How to sort 1 array in Swift / Xcode and reorder multiple other arrays by the same keys changes

Question

Sorry for the complex wording of the question. My main experience is with PHP and it has a command called array_multisort. The syntax is below:

bool array_mu         


        

Answer 1

I believe AlainT:s solution is to prefer, but to extend the variety of options, below follows a solution mimicking what a zip5 method could let us achive (in case we could use zip for zipping together 5 sequences instead of its limit of 2):

/* example arrays */
var firstName: [String] = ["David", "Paul", "Lisa"]
var age: [Int] = [17, 27, 22]
var city: [String] = ["London", "Rome", "New York"]
var country: [String] = ["England", "Italy", "USA"]
var active: [Int] = [906, 299, 5060]

/* create an array of 5-tuples to hold the members of the arrays above.
   This is an approach somewhat mimicking a 5-tuple zip version.        */
var quinTupleArr : [(String, Int, String, String, Int)] = []
for i in 0..<firstName.count {
    quinTupleArr.append((firstName[i], age[i], city[i], country[i], active[i]))
}

/* sort w.r.t. 'active' tuple member */
quinTupleArr.sort { $0.4 < $1.4 }

/* map back to original arrays */
firstName = quinTupleArr.map {$0.0}
age = quinTupleArr.map {$0.1}
city = quinTupleArr.map {$0.2}
country = quinTupleArr.map {$0.3}
active = quinTupleArr.map {$0.4}

Answer 2

Edit this is valid for 2 arrays:

Adding to @AlainT answer, but using zip:

var names = [ "Paul", "John", "David" ]
var ages  = [  35,    42,     27 ]

let sortedTuple = zip(names, ages).sort { $0.0.0 < $0.1.0 }

Something more generic:

names.enumerate().sort({$0.1<$1.1}).map({ (name: $0.1, age: ages[$0.0]) })

Answer 3

You could create an array of indexes in sorted order and use it as a mapping:

var names = [ "Paul", "John", "David" ]
var ages  = [  35,    42,     27 ]

let newOrder = names.enumerate().sort({$0.1<$1.1}).map({$0.0})

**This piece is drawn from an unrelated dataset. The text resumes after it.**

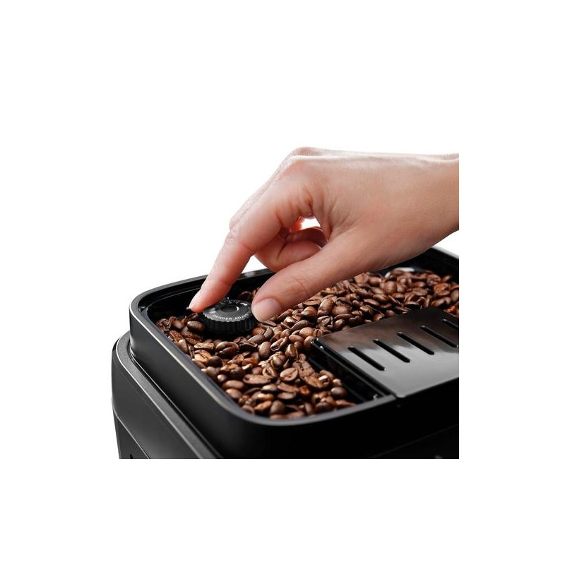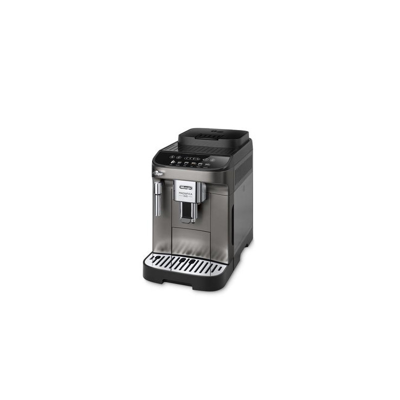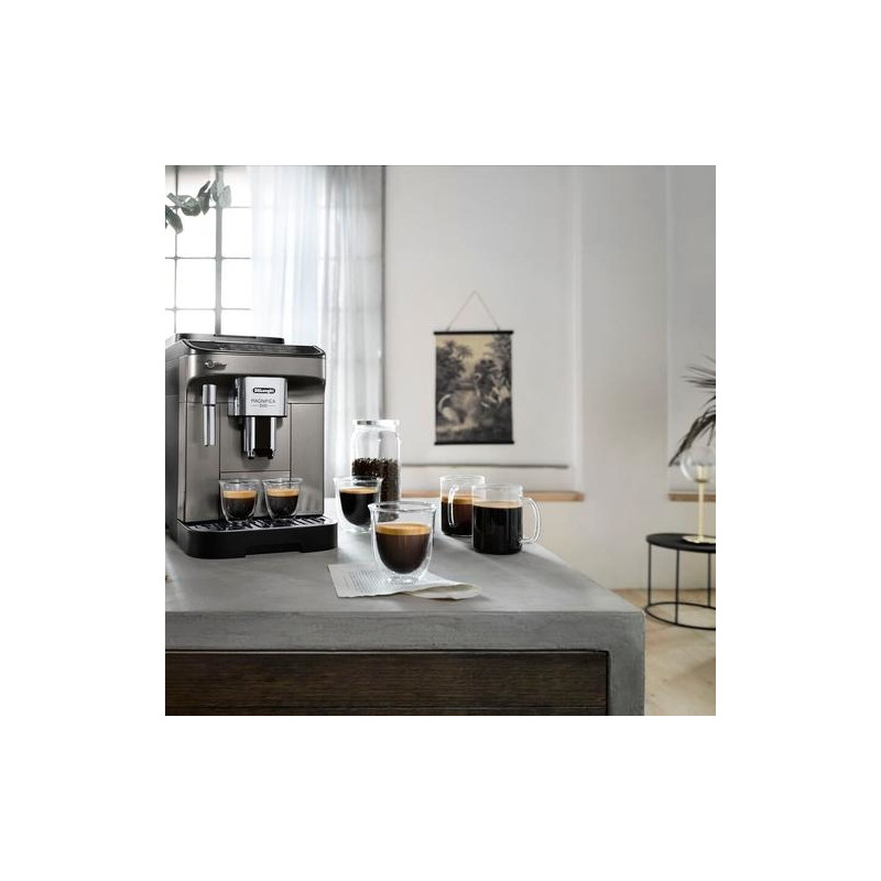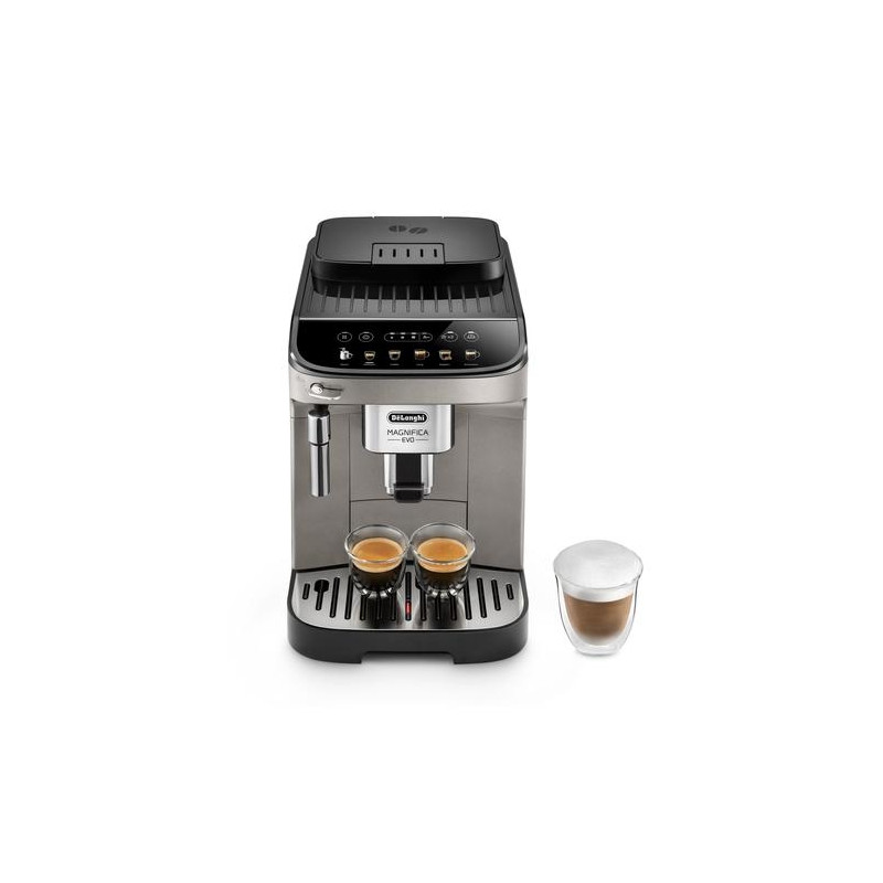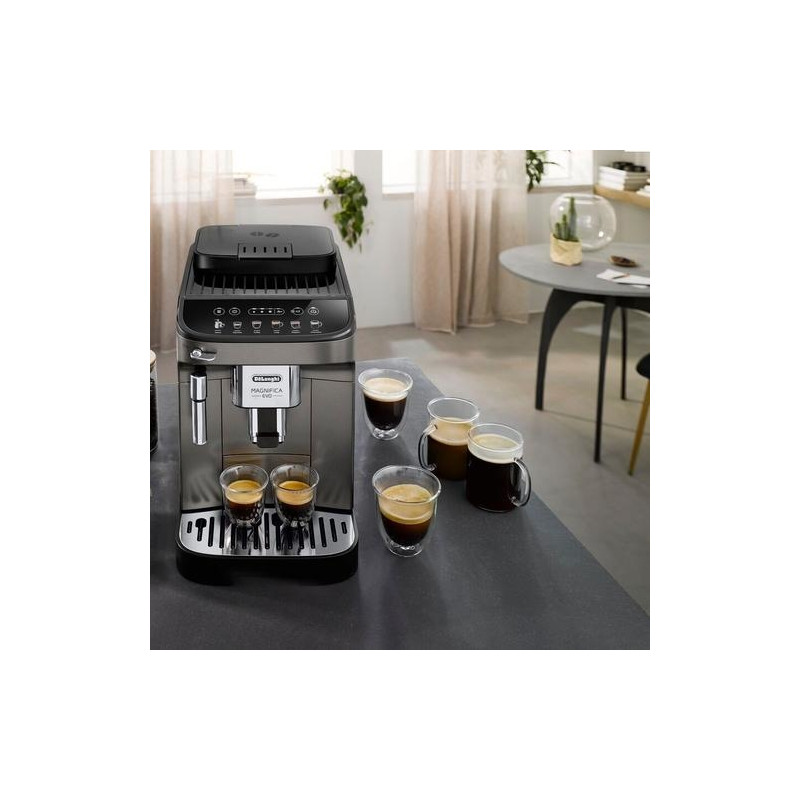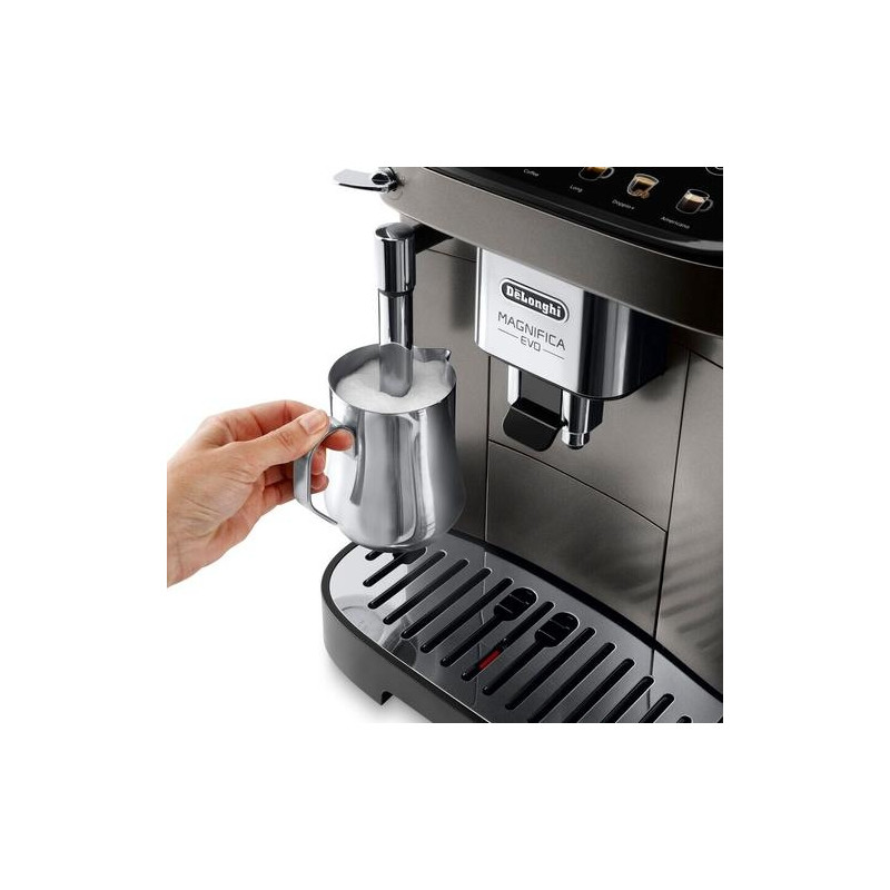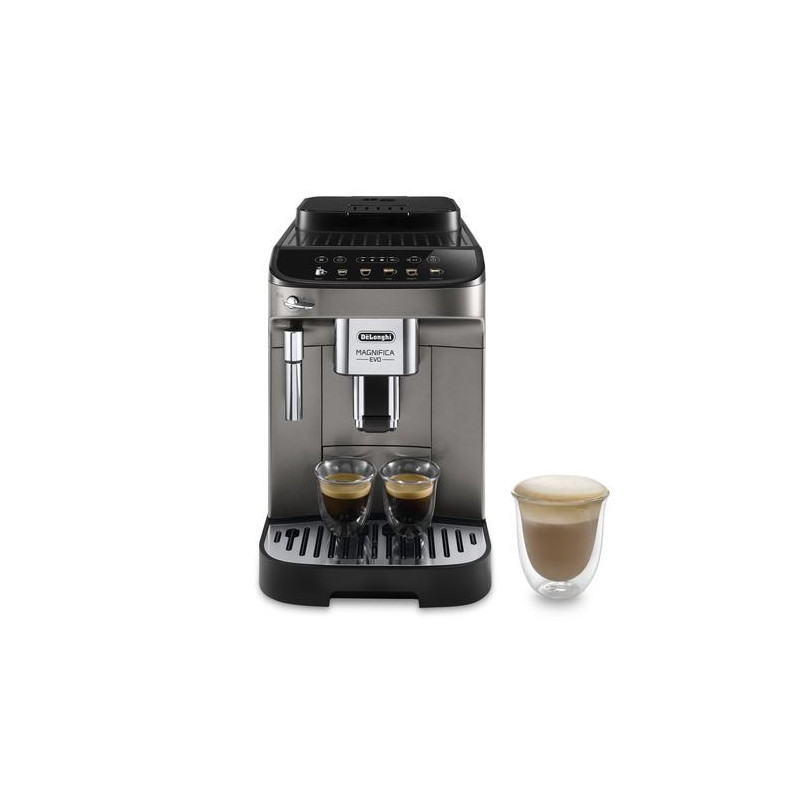 Macchina automatica per caffè in chicchi, cappuccinatore manuale, pannello comandi ad icone colorate, 6 bevande dirette (Espresso, Coffee, Doppio+, Long, Americano, Vapore), funzionamento con grani e con polvere, macinacaffè regolabile fino a 13 livelli di macinatura, regolazione della temperatura, della quantità di caffè e di acqua, Thermoblock, durezza dell’acqua e spegnimento automatico programmabili, vaschetta raccogligocce anti graffio, colore titanium/black.De’Longhi Magnifica Evo. Product type: Espresso machine, Coffee maker type: Fully-auto, Water tank capacity: 1.8 L, Coffee input type: Coffee beans, Ground coffee, Reservoir for brewed coffee: Cup, Capacity in cups: 2 cups. Power: 1450 W. Product colour: Black, Titanium

names = newOrder.map({names[$0]})
ages  = newOrder.map({ages[$0]})

[EDIT] Here's an improvement on the technique :

It's the same approach but does the sorting and assignment in one step. (can be reassigned to original arrays or to separate ones)

(firstNames,ages,cities,countries,actives) = 
    {( 
       $0.map{firstNames[$0]}, 
       $0.map{ages[$0]}, 
       $0.map{cities[$0]},
       $0.map{countries[$0]}, 
       $0.map{actives[$0]} 
    )} 
    (firstNames.enumerated().sorted{$0.1<$1.1}.map{$0.0})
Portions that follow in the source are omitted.